Furthermore, partial ptosis, iris heterochromia, apparent enophthalmos, contralateral eyelid retraction, injected conjunctivae, and no change or transient decrease in intraocular pressure may be seen. [13][14][15]
It is important to perform a detailed systemic examination, paying specific attention to neurological, pulmonary, and cardiovascular systems and considering various differentials discussed later.
Labs
Imaging
Pharmacological Testing
This is the most helpful testing modality for diagnostic localization. [17]
Topical cocaine test
Cocaine acts an indirect sympathomimetic inhibiting the reuptake of norepinephrine from the synaptic cleft. Cocaine solution (ranging from 2% to 10%) is instilled into both eyes. Both eyes are evaluated after at least 30 or more minutes for an optimal response. Denervation in the affected eye causes it to dilate poorly compared to the normal one. Anisocoria of 0.8 mm or more is considered diagnostic. The test does not help in identifying the level of lesion.
The test has other disadvantages such as comparatively high prices of the compound, time-consuming, test yielding ambiguous results, and the metabolites of cocaine can be detected in urine. [18]
Topical hydroxyamphetamine test
This test is particularly helpful in the localization of the lesion. Hydroxyamphetamine stimulates the release of stored norepinephrine from the postganglionic terminals into the synapse. Postganglionic third-order lesions can be differentiated from presynaptic second-order or first-order ones.
Two drops of 1% hydroxyamphetamine solution are instilled into both eyes. The affected eye (third-order lesion) will not dilate as well as the normal eye. While in the case of intact postganglionic fibers (first and second-order lesions), the affected pupil dilates to an equal or greater extent.
Disadvantages involving this test include it not being able to be performed on the same day as the cocaine test and false-negative results. [18]
Topical apraclonidine test
This test is considered the test of choice due to good sensitivity and overall practicality. Apraclonidine acts as a weak alpha1-agonist and strong alpha2-agonist. It is categorized as an ocular hypotensive agent. The upregulation of alpha1-receptors in Horner syndrome translates into an exaggerated response of the iris dilators (denervation supersensitivity) to an agonist agent like apraclonidine.

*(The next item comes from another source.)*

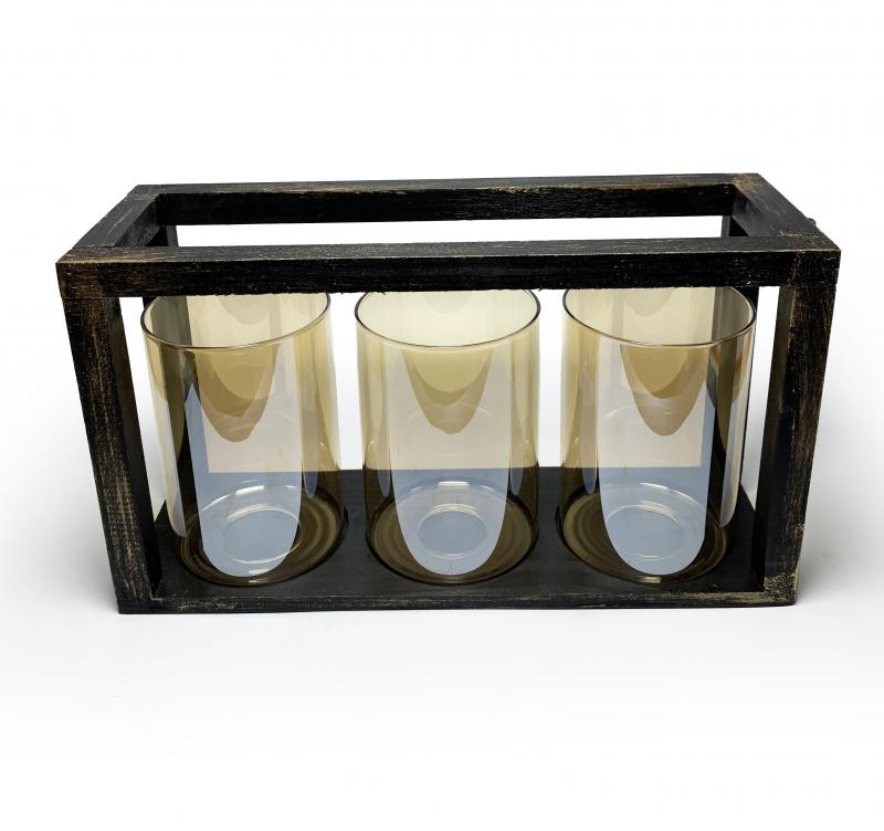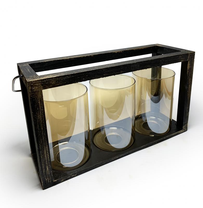 3'lü Ahşap Siyah Altın Varak Fener Mumluk HK0974-SAV

A 0.5-1% solution is instilled in both eyes. The affected eye will show mydriasis, while the normal eye is predominantly insensitive. Consequent instillation of the solution results in evident reversal of anisocoria (the affected pupil dilates and the normal pupil constricts). This is because of the stronger alpha 2 agonist activity of compared to the weaker alpha 1 agonist activity of apraclonidine.

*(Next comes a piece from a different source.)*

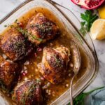 This Pomegranate Lemon Roasted Chicken is a vibrant and flavorful dish featuring tender chicken thighs roasted with a tangy blend of lemon and pomegranate juices, fresh herbs, and garlic. The sweet and tart pomegranate arils add a burst of color and texture, making it a perfect main course for a delicious and visually appealing dinner.

Some disadvantages of this form of testing include false-negative results in acute cases, systemic side effects in the pediatric population, inability to localize lesion, and relatively long half-life of the drug.

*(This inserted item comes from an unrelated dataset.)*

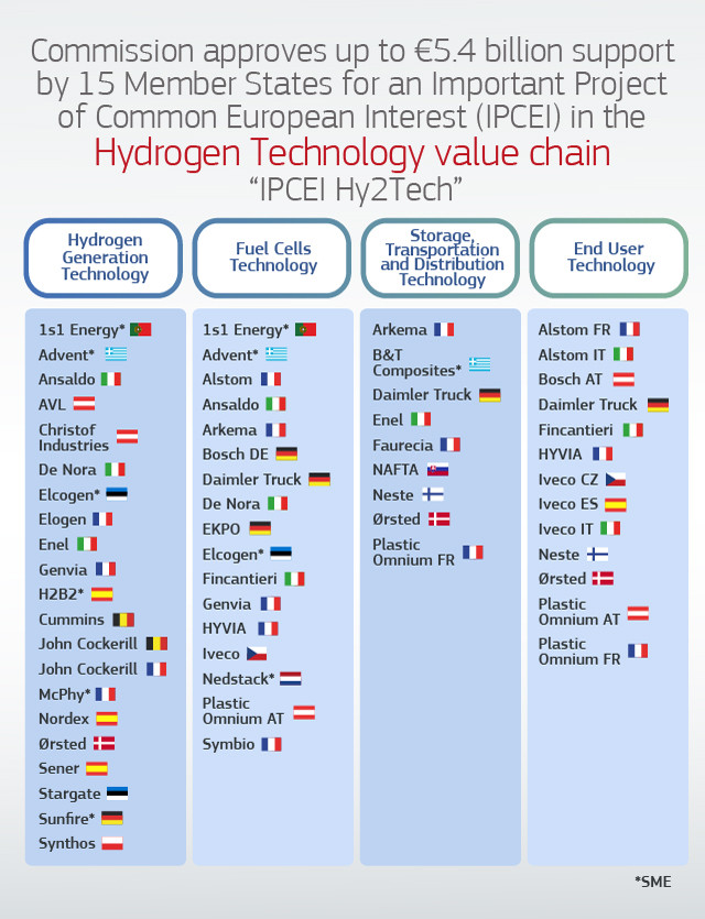 IPCEIs again have a role to play in this shift, supporting investment and innovation. A first project, the IPCEI Hy2Tech, launched in 2022, is intended to develop innovative decarbonisation technologies for the industrial and the mobility sectors. It involves 35 companies and 41 projects from 15 Member States, including France and Germany (along with Austria, Belgium, Czechia, Denmark, Estonia, Finland, Greece, Italy, the Netherlands, Poland, Portugal, Slovakia and Spain). Member states are to provide up to 5.4 billion euros in public funding, which are expected to unlock additional 8.8 billion euros in private investments.

Other agents have been proposed but fall short of clinical relevance due to several reasons.
Treatment options are based on the diagnosis and management of the underlying cause. Timely diagnosis is of critical importance followed by referral to an appropriate specialist. Healthcare professionals are advised to incorporate the importance of eye examinations into their acumen.
As previously described, pain accompanied with Horner syndrome points towards a more insidious underlying cause and should be evaluated thoroughly. Systemic symptoms such as weight loss and progressive fatigue can indicate an underlying malignancy. Furthermore, Horner syndrome can be an early manifestation of neuroblastoma in the pediatric population.
Carotid artery dissection can present with a unilateral headache and facial or neck pain. If suspected, urgent appropriate workup and treatment are warranted.
Raeder paratrigeminal syndrome also can present with headaches but is accompanied by trigeminal nerve (CN V) impairment.
Anisocoria and/or ptosis can be due to myriad diseases and conditions such as Holmes-Adie syndrome, neurosyphilis (Argyll Robertson pupil), third nerve palsy, or optic neuritis.